IPRT Submission on Mental Health and Criminal Justice
27th April 2012
IPRT made a detailed Submission to the Cross Sectoral Group on Mental Health and Criminal Justice in April 2012.
The submission is available to download here.
Key Recommendations
- Where appropriate, those with mental illness should be diverted away from the criminal justice system and should be treated within a community setting.
- Sufficient investment and resources in mental health services in community-based settings are required in order to prevent mentally-ill individuals coming into contact with the criminal justice system.
- Statistics play an integral part in identifying the scale of mental illness present in the criminal justice system; the proper recording of incidences on mental health should be collated at each stage of the criminal justice system.
- Ttransparent and proper recording procedures on mental health should be implemented by the Irish Prison Service; if a prisoner is transferred, these records should also be transferred with immediate effect.
- IPRT continues to campaign for the elimination of the practice of detaining mentally-ill prisoners in observation cells.
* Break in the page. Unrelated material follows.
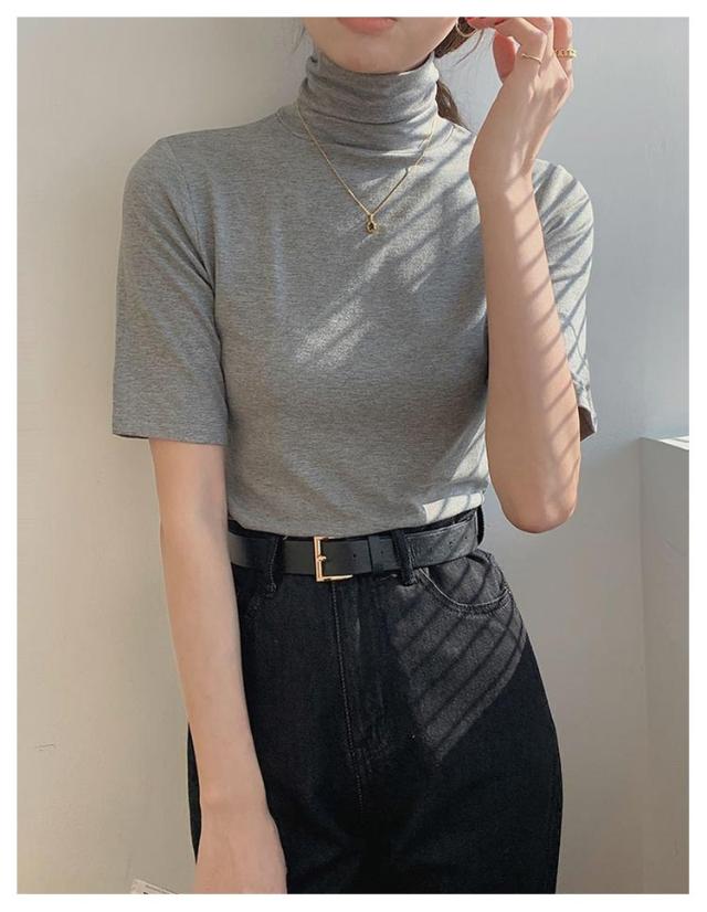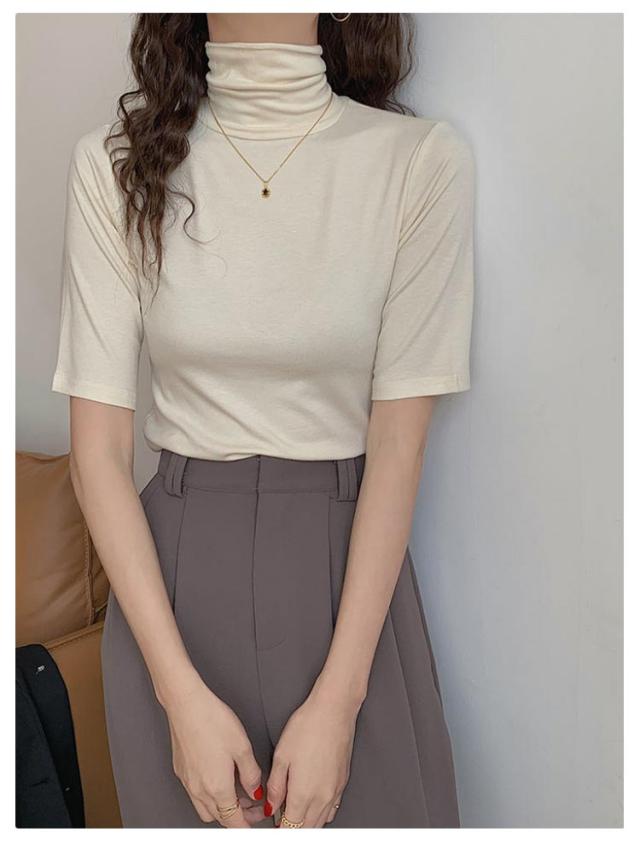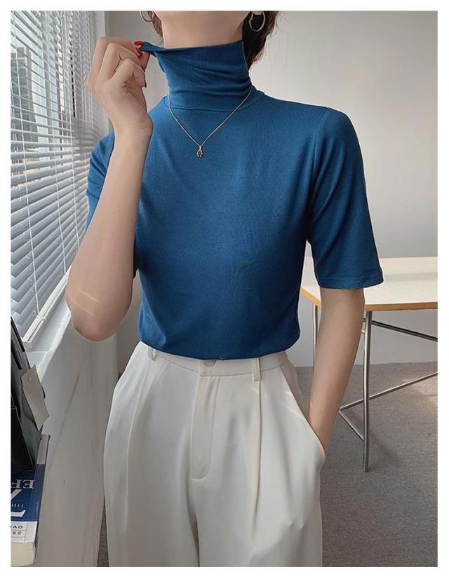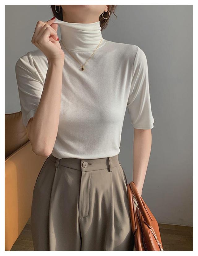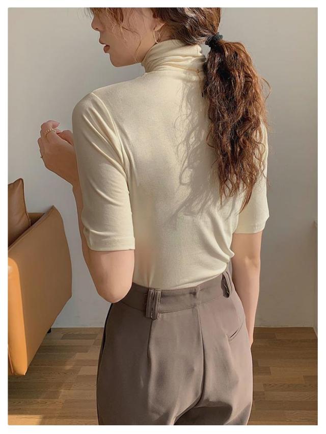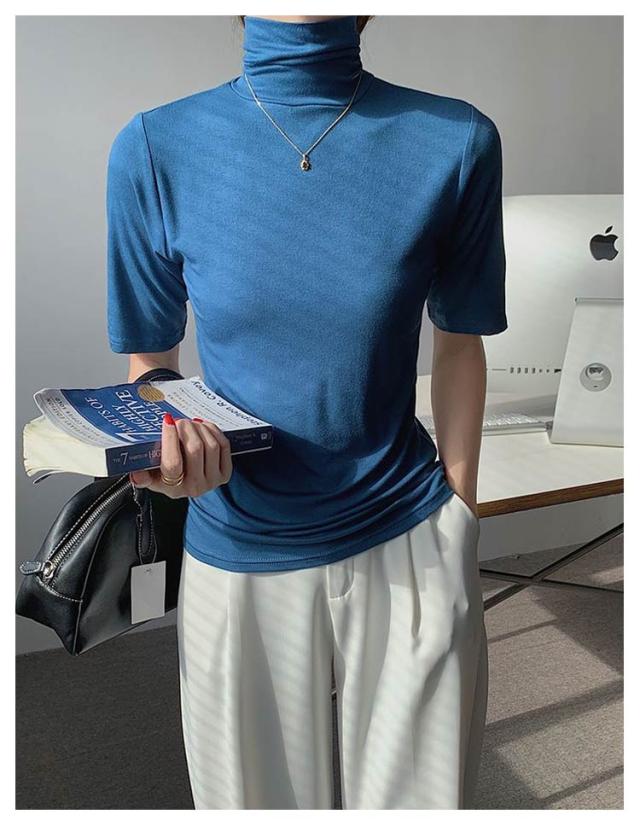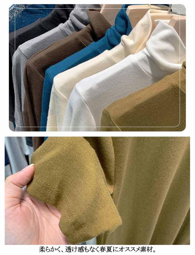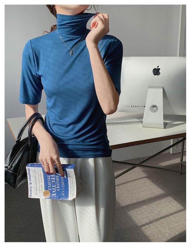 タートルネック タートルネック ゆったり ハイネック レディース 無地 半袖Tシャツ 春 夏 薄手 トップス カットソー シンプル 五分袖 フィット スリム 大きいサイズ 20代 30代
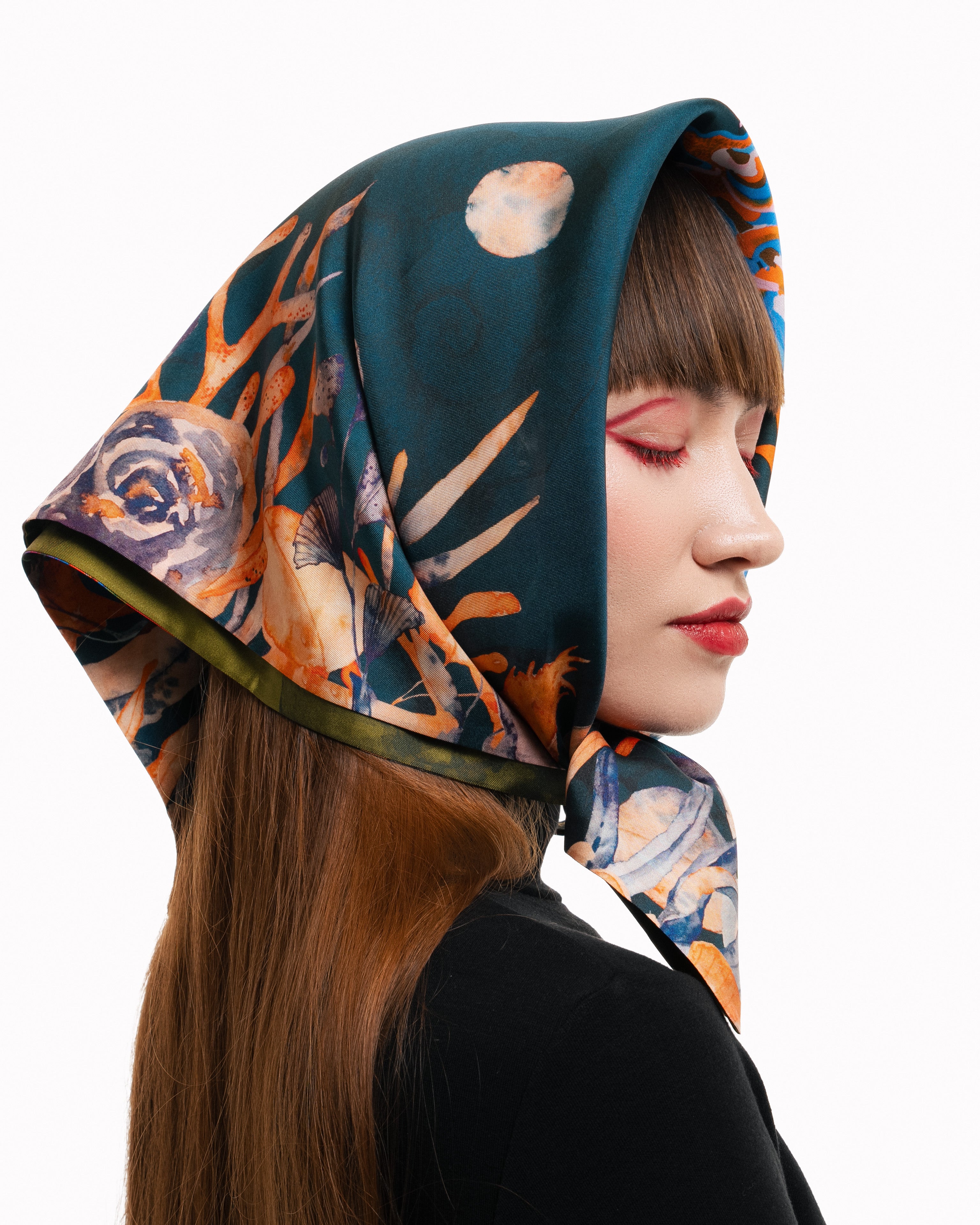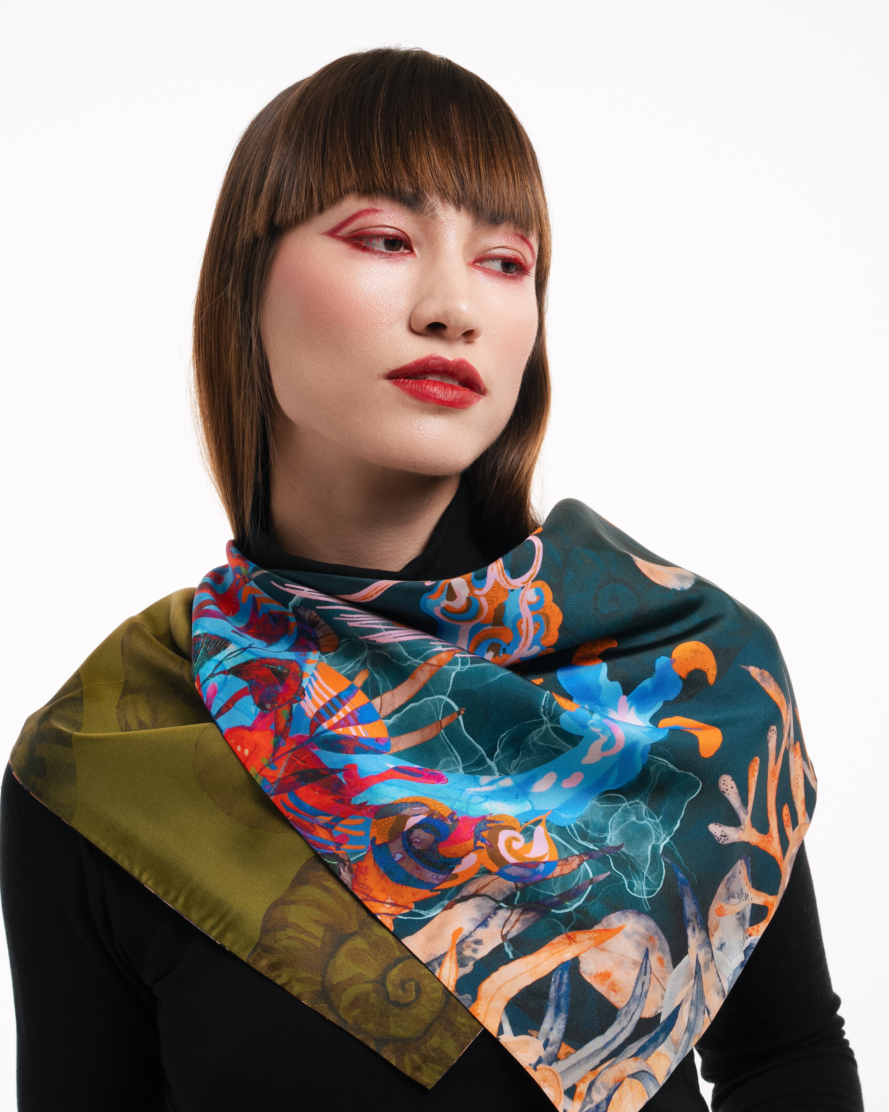 Embrace quiet strength with the Midnight Blossom Into Power – Large Square Scarf, a refined statement piece crafted from 100% silk twill. Its deep, moody tones and double-sided digital print evoke elegance and depth, while hand-sewn finishing by artisans in Hong Kong adds a touch of thoughtful craftsmanship. Perfect for those who carry power with grace, this scarf is designed to inspire and elevate, season after season.

Instead vulnerable care units should be established with 24 hour supervision by a psychiatric nurse.
- IPRT advocates for a shift away from pharmacological treatment and towards therapeutic interventions in tackling mental illness among prisoners.
- Overcrowding and the elimination of ‘slopping out’ must to be addressed in order to enhance and facilitate positive mental health in the Irish prison system.
- Regimes which are full and varied will help reduce levels of mental illness in our prisons.
- All prison staff should receive awareness training regarding suicide and self-harm prevention in prisons.
- Additional spaces should be made available in psychiatric hospitals for the diversion of mentally-ill offenders.
- The mental health Prison in-reach and Court Liaison Service should be expanded across the entire prison estate.
- IPRT campaigns for children in the prison system to be provided with appropriate mental health services; there is also a need to expand the Cloverhill screening programme to provide for young offenders.
- IPRT advocates for the principle of equivalence of healthcare in the prison context should be equal to that in the community setting.
- IPRT advocates that, where appropriate, mentally-ill offenders should be imprisoned as a last resort.